Your instructions:
The data below contains pictures, which are to be skipped; the lines starting at the line with "Size medium Blue" and ending at the line with "Le jouet peluche" are to be output exactly, both ends included.

Records drawn from a dataset:
• • • • • • •

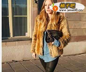 奢华感的黄色皮草外套,内搭牛仔衬衫,下穿黑色皮裤,皮革黑色短靴,帅气十足,非常简约干练,成熟女性风十足。
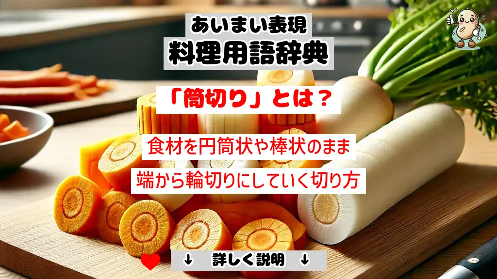 野菜では5〜10mm程度の厚さに切ることが多く、魚は数センチの厚みで切るのが一般的です。筒状のまま切ることで、食材の形が崩れにくくなり、特に煮物や焼き物で使われます。筒切りは短時間で均一に火を通すための基本的な切り方で、初心者でも簡単に実践でき、家庭料理からプロの料理まで幅広く活用できます。見た目も美しく仕上げられるため、とても人気のある技法です。
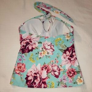Size medium Blue and Green Floral Halter Sleeveless Tank swim bathing suit Top
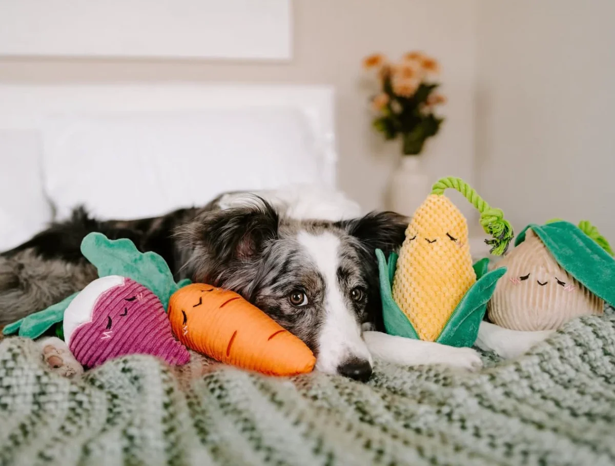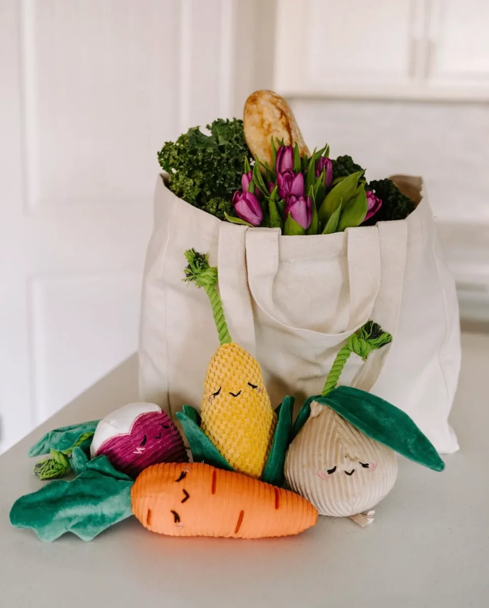 Le jouet peluche Crinkle Crops Carrot présente un mélange de tissus, des feuilles froissées et une corde en coton sortant du dessus et comprend un grand couineur rond. Un jouet adapté pour les chiens qui aiment mâchouiller et mordiller.
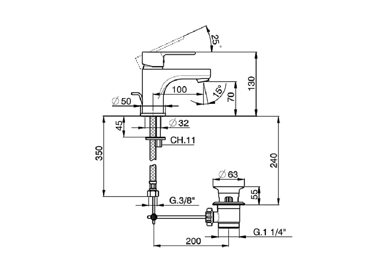 Miscelatore monocomando lavabo EnergySave,con scarico automatico 1"1/4,flex inox G.3/8"
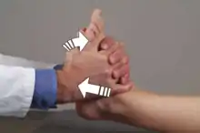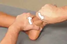 | Posterior Fibular Head Post-Isometric Muscle Energy: The patient is supine. The physician places the hand closest to the knee in the popliteal fossa so that the metacarpophalangeal joint of the index finger approximates the posterior fibular head and, with the other hand, externally rotates the patient's foot until the restrictive barrier is reached. The patient is told to internally rotate the foot and the physician will resist the motion with an isometric counterforce. In each respective iteration, the patient is taken further into the restrictive barrier. | ![]() Posterior Fibular Head Post-isometric Relaxation Muscle Energy |
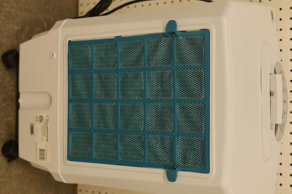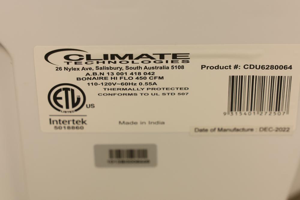 Bonaire Hi Flo 450 CFM Portable Evaporative Air Cooler with Remote, Model CDU6280064. Features adjustable control panel, a remote control, and a removable filter. 110-120 V, 60Hz, 0.55A. Includes instruction manual. Pickup only.
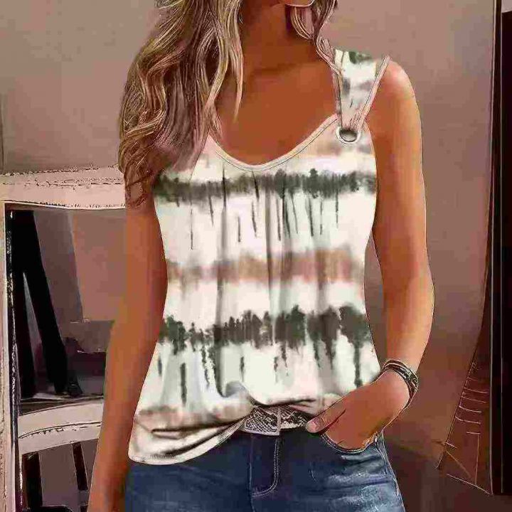 女士夏季休闲扎染印花无袖背心 , 数量140件,S-2XL码...
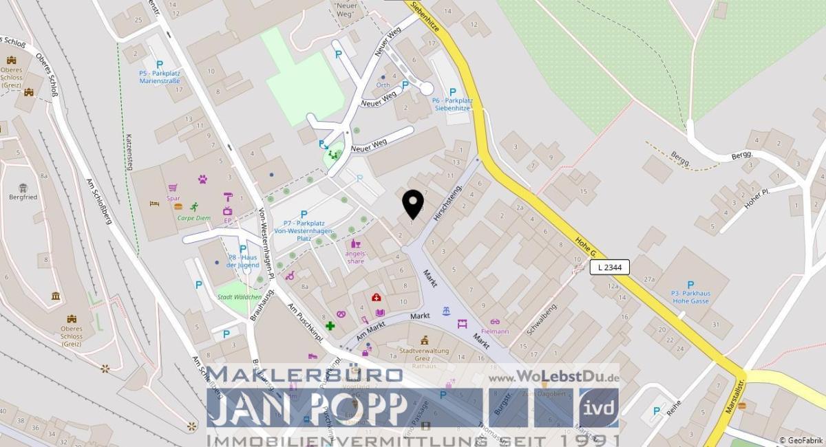 Das Objekt liegt im Stadtzentrum der Stadt Greiz am Von-Westernhagen-Platz zwischen Altstadtgalerie und Rathaus. Hiert befindet sich eine Passage, welche den von Westernhagenplatz mit dem Markt inkl. Rathaus verbindet.

• • • • • • •

Answer area:
Size medium Blue and Green Floral Halter Sleeveless Tank swim bathing suit Top
 Le jouet peluche Crinkle Crops Carrot présente un mélange de tissus, des feuilles froissées et une corde en coton sortant du dessus et comprend un grand couineur rond. Un jouet adapté pour les chiens qui aiment mâchouiller et mordiller.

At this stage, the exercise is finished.